No, it’s not good for actual travel and certainly not for a seat at the final table but when paired with St. Louis Cardinals cap and a GTFOutta here ‘truck horn’, you’ll get PRIORITY ACCESS to hours of cosplay of one of poker’s most lovable everyman.
Dress For Poker Success
When playing poker live, one needs to focus on two things: comfort and style. Look good, feel good – right? Of course, you could hit a holiday home run by picking up some RunGood Gear. Or…if you want to go full 2020, here’s the very latest in poker accessories to turn the poker player in your life into the very pros they watch on TV.
If it’s good enough for Andy Bloch, it’s good enough for you. Forget about everything that happened after you “knocked out a pro” and remember when the good times were never going to end with this official NEW Full Tilt Poker “One size fits MOST” Cowboy Hat. So, if you have a normalish sized head then just $200 will give you the old-school cred you need to definitely not be labeled the fish at the table.
Intimidate your foes with this authentic USED hand cast that former Oakland A’s slugger Jose Canseco wore at the poker table after he literally shot his finger off while cleaning his own gun. This is the very cast that he used to protect his hole cards and also the finger that Sports Illustrated described as “hanging against the back of his hand from an unsevered blood vessel.” Plus a signature from Canseco himself – the ultimate shot taker. That’ll be $10K, mate.

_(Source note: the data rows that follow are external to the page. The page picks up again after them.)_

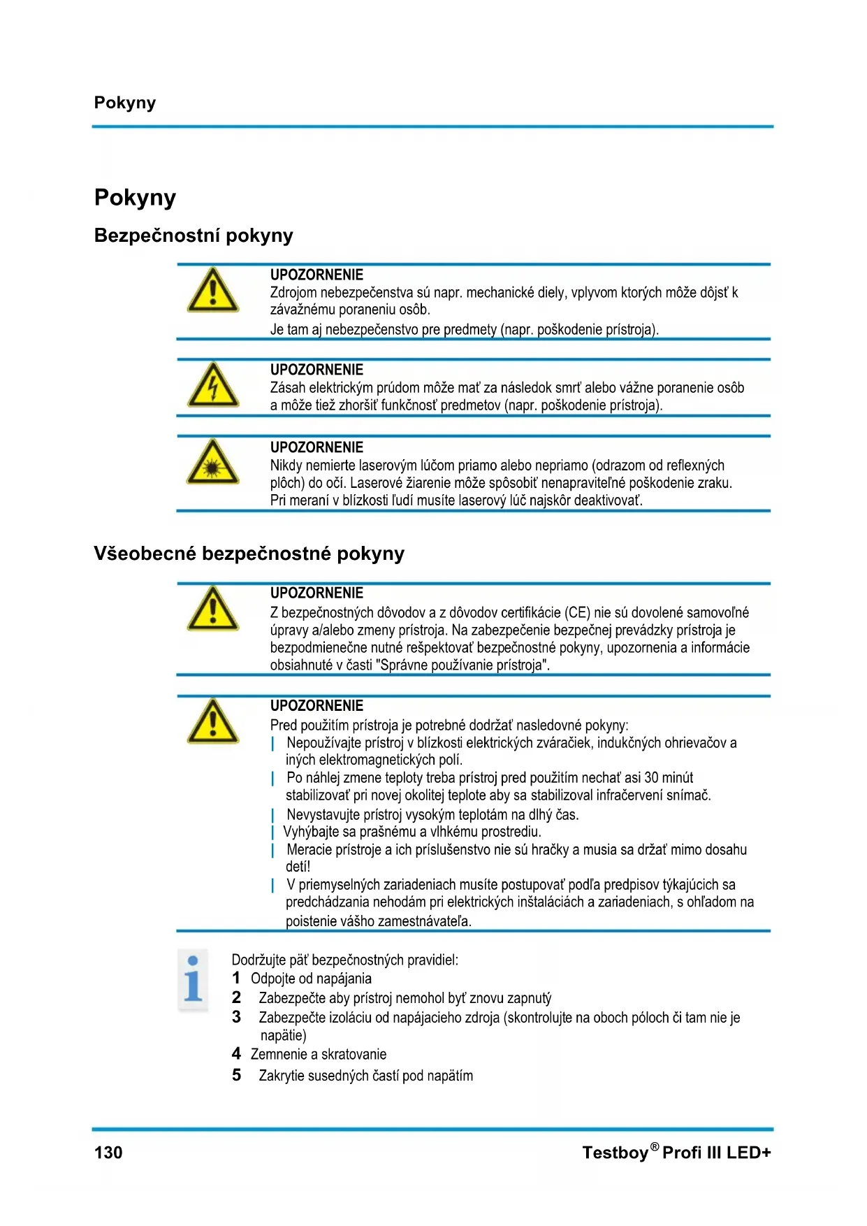 Profi III LED+ je na základe vysokého stupňa krytia (IP65) použiteľný aj v náročných podmienkach. Bezpečnostní pokyny Rozhodli ste sa pre prístroj, ktorý vám poskytne vysokú mieru bezpečnosti. Pre bezpečné a správne používanie prístroja je potrebné aby ste si pred jeho prvým použitím prečítali celý tento návod na obsluhu.Obsluha Testboy
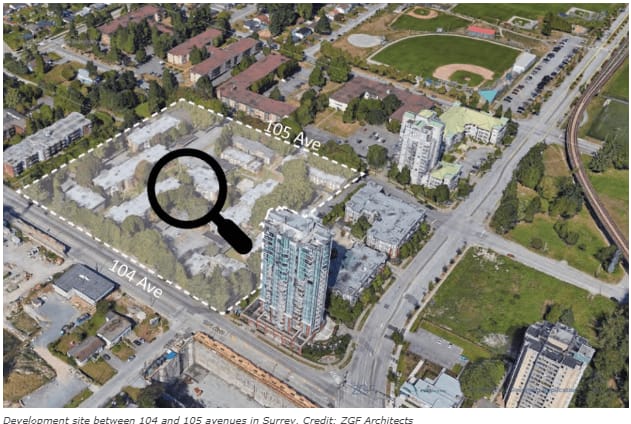 The property, located at 13301 to 13355 104th Avenue and 13280 to 13362 105th Avenue, is currently home to 156 rental apartments built in 1968, which are nearing the end of their economic life.
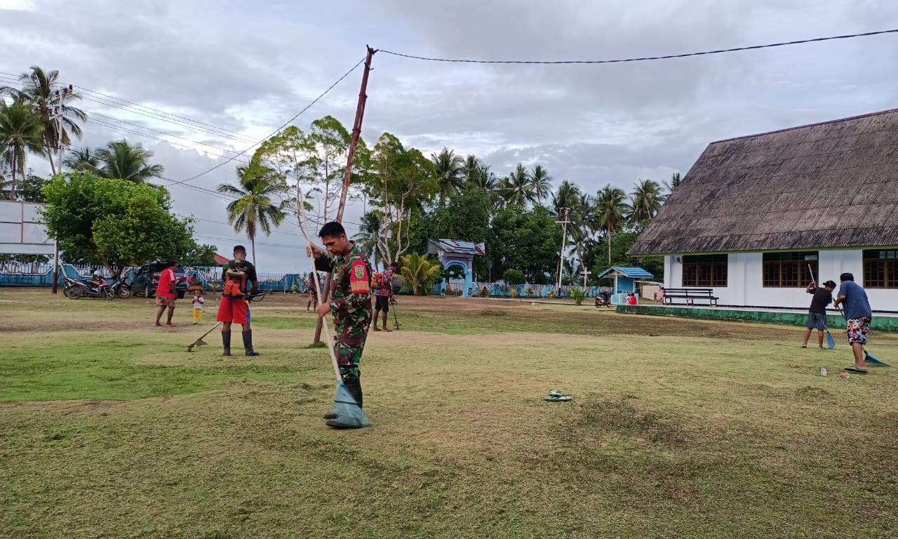 Supiori – Babinsa Koramil 1708-06/Supiori Utara Sertu Yan Pasiga melaksanakan kegiatan karya bakti bersama dengan warga membersihkan halaman gereja GKI Diaspora, di Kampung Sorendiweri, Distrik Supiori Timur, Kabupaten Supiori, Papua, Minggu 29 Mei 2022.
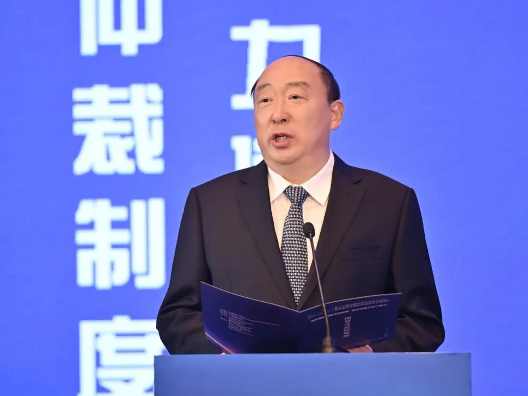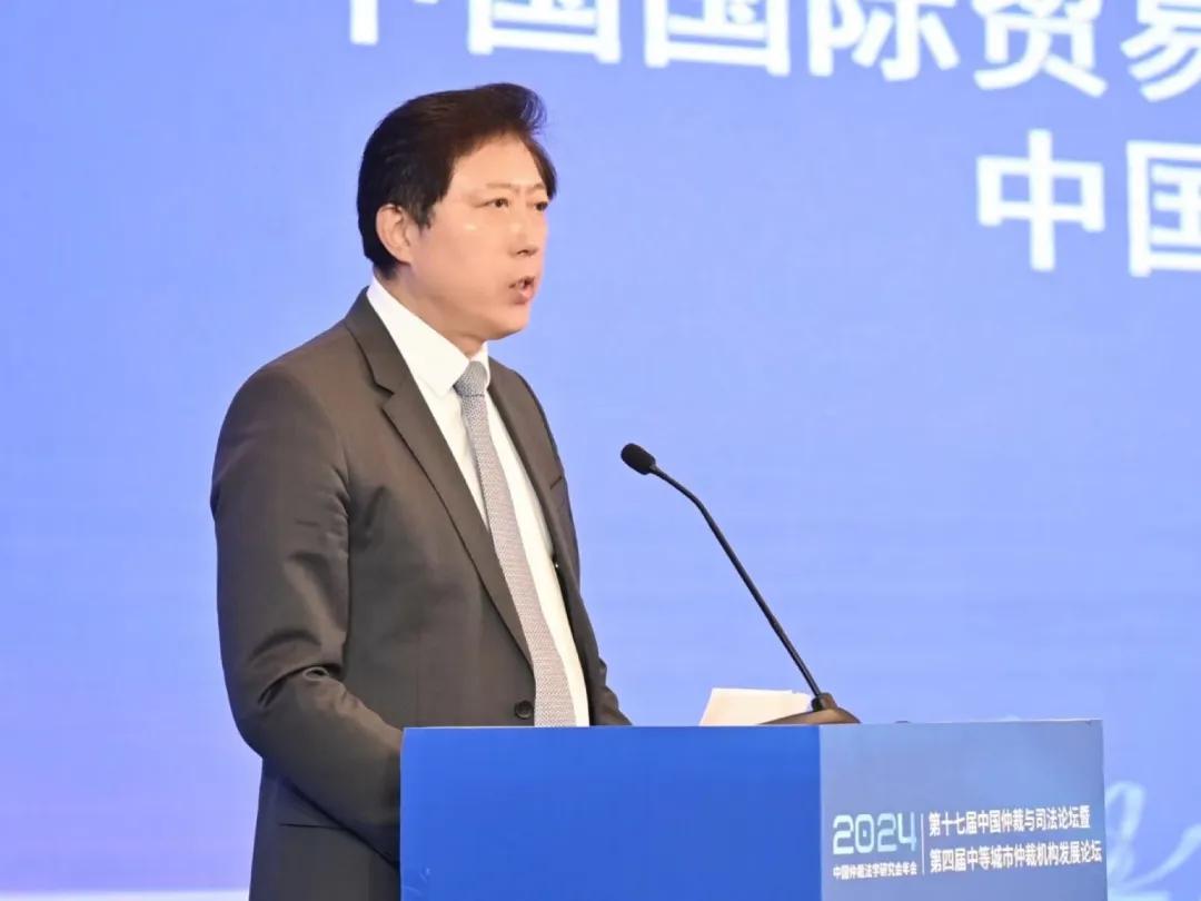 (中國(guó)國(guó)際貿(mào)易促進(jìn)委員會(huì)黨組成員、副會(huì)長(zhǎng)、中國(guó)仲裁法學(xué)研究會(huì)會(huì)長(zhǎng)于健龍作開(kāi)幕致辭)
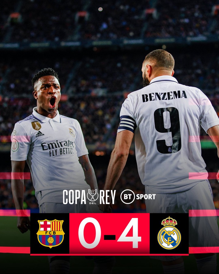 Karim Benzema silenced the raucous Spotify Camp Nou crowd tonight as Real Madrid cruised to the final of the Spanish Copa Del Rey in style at the home of their bitter rivals, Barcelona.
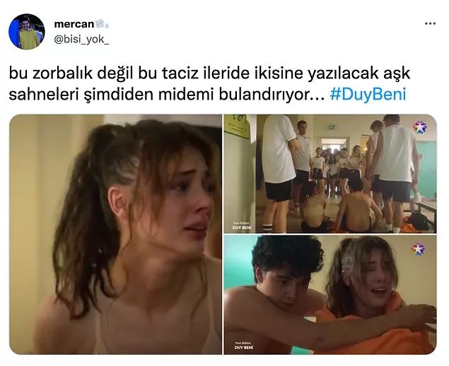 O sahneler çok konuşuldu, Duy Beni dizisinde iki lise öğrencisine arkadaşları tarafından yapılanlar izleyicileri öfkelendirdi. Star TV’de ekrana gelen Duy Beni’de, orta sınıf ailelerin çocuklarından, bursla özel okulda okuyan iki genç, kendisini okulda istemeyen diğer arkadaşları tarafından herkesin içinde soyularak kamera kaydına alındı. O şiddet dolu sahneler kısa sürede Twitter’da gündem olurken, tepkiler de beraberinde geldi. Zorbalık içeren o sahnelere kullanıcılar, ‘Çocukların bilinçaltına ne koymaya çalışıyorsunuz?’ ve ‘Senaristler ne yaptığının farkında mı?’ yorumlarında bulundu.
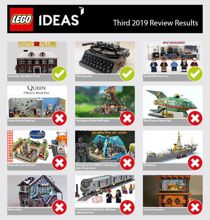 Comme promis, LEGO vient d'annoncer le résultat de la troisième phase d'évaluation 2019 qui regroupait une douzaine d'idées plus ou moins réussies qui avaient toutes su rassembler les 10.000 soutiens nécessaires et trois projets ont été retenus :
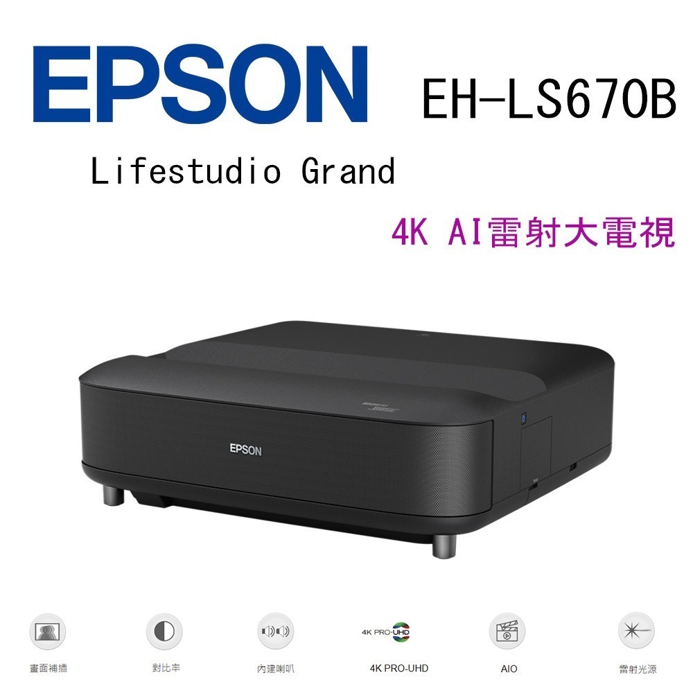 EPSON Lifestudio Grand EH-LS670B 4K AI雷射大電視
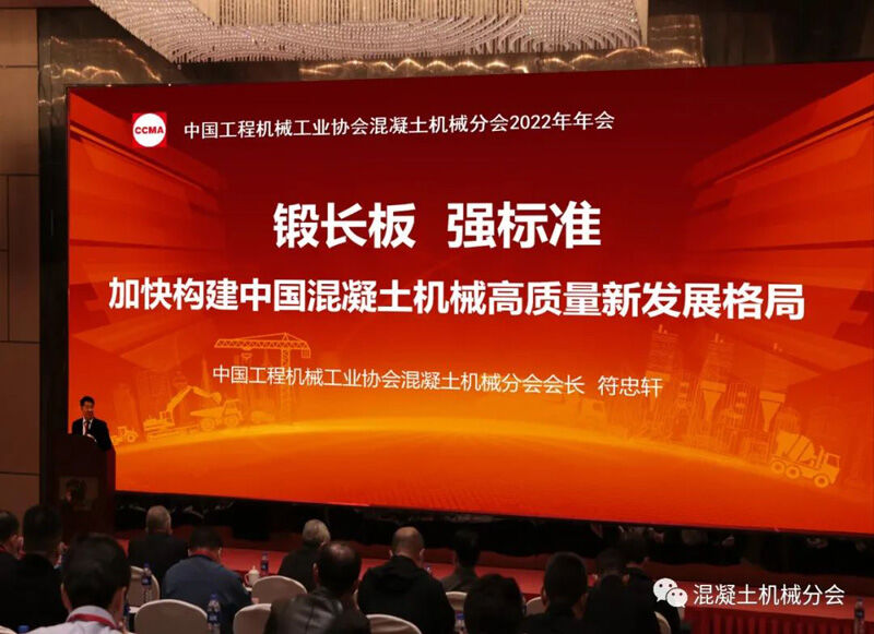 中國(guó)工程機(jī)械工業(yè)協(xié)會(huì)混凝土機(jī)械分會(huì)符忠軒會(huì)長(zhǎng)以《鍛長(zhǎng)板、強(qiáng)標(biāo)準(zhǔn),加快構(gòu)造中國(guó)混凝土機(jī)械高質(zhì)量新發(fā)展格局》為題做精彩演講。正式匯報(bào)前會(huì)長(zhǎng)講到,責(zé)任激發(fā)智慧,使命勃發(fā)激情;精神催生業(yè)績(jī),拼搏彰顯風(fēng)采。
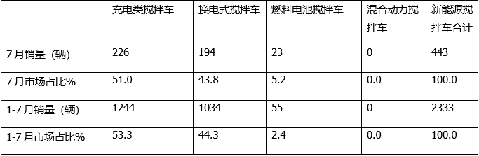 上圖表可見,按技術路線及補電方式劃分,在今年7月及1-7月新能源攪拌車銷量結構中:
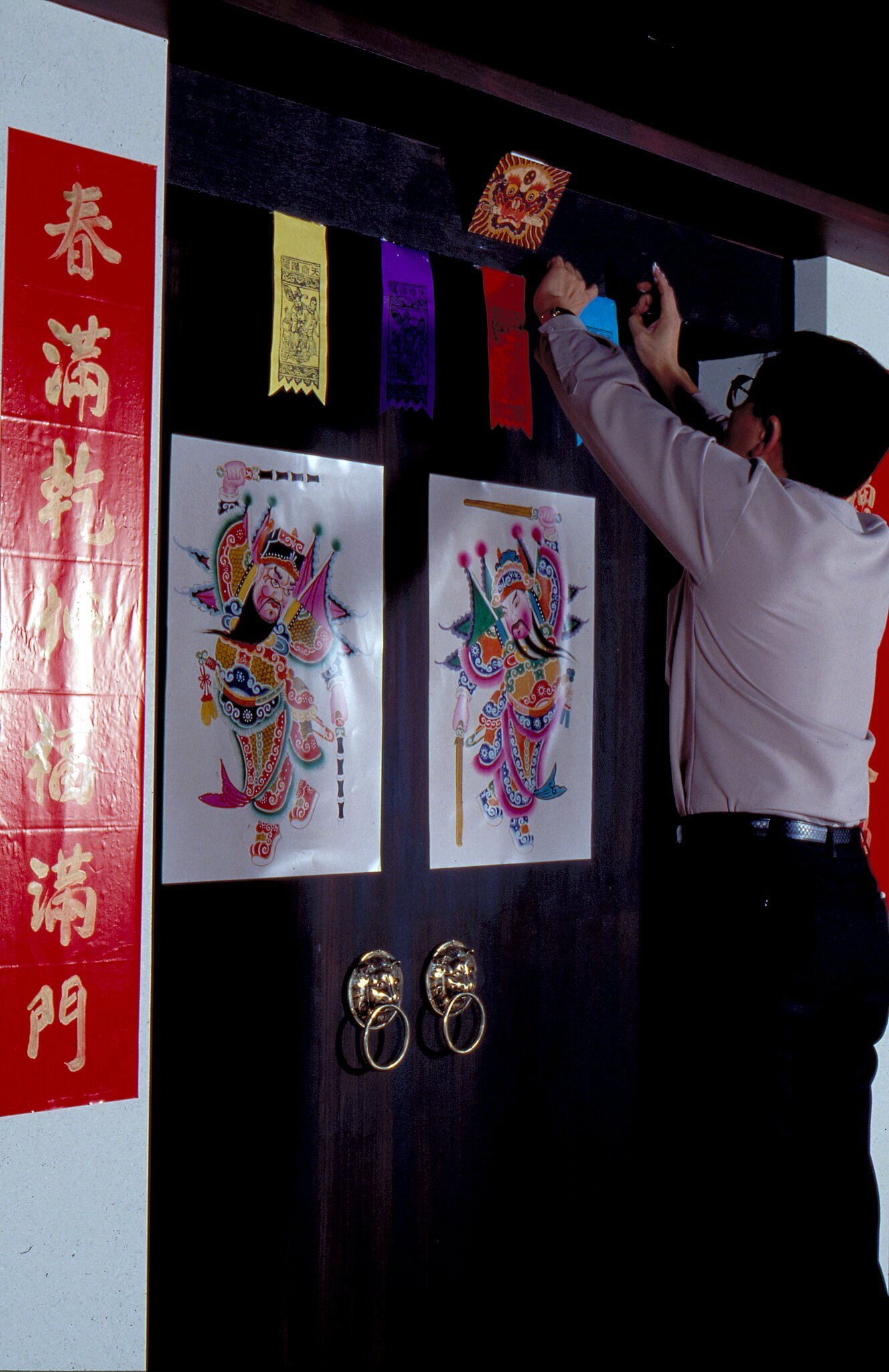 古代民間又盛傳一山桃林裡,住有「神荼、鬱壘」兩位神仙,專吃妖魔鬼怪,因此人們就想像這二仙的模樣,以桃木雕像,懸掛在門上,期能永保平安,於是產生了「桃符」。

If you want to get into those juicy private games, it’s all about who you know. And there will be no doubt that you know absolutely everyone when you stroll into Blitz’s pad wearing this collared shirt from the Bicycle Casino absolutely covered with famous poker player’s autographs. All of the greats are represented: Chip Reese, Phil Ivey, Joe Sebok…you name it!
Honestly, there may be no one in the world of poker not plastered on this wearable canvas – Erik Seidel, Matt Damon, and the great-granddaughter of Bob Hope, Amanda Hope! Don’t miss the chance to wear the authentic signatures of Johnny Chan, David Sklansky, and CEO of French-based shoe line Eden Shoes, Frederique Banjout! Sure, it’s going for half a million U.S. dollars, but just think of all the +EV situations Bill Perkins is going to give you while you’re wearing it.
Looking for more great gift ideas? You’re out of luck and we’re out of space. This is 2020 and you get what you get. You may want a trip to the Main Event, a custom poker table, or a private lesson from Phil Galfond but all of those will have to wait until 2021.
The good news is 2021 is right around the corner. And isn’t that a gift all by itself?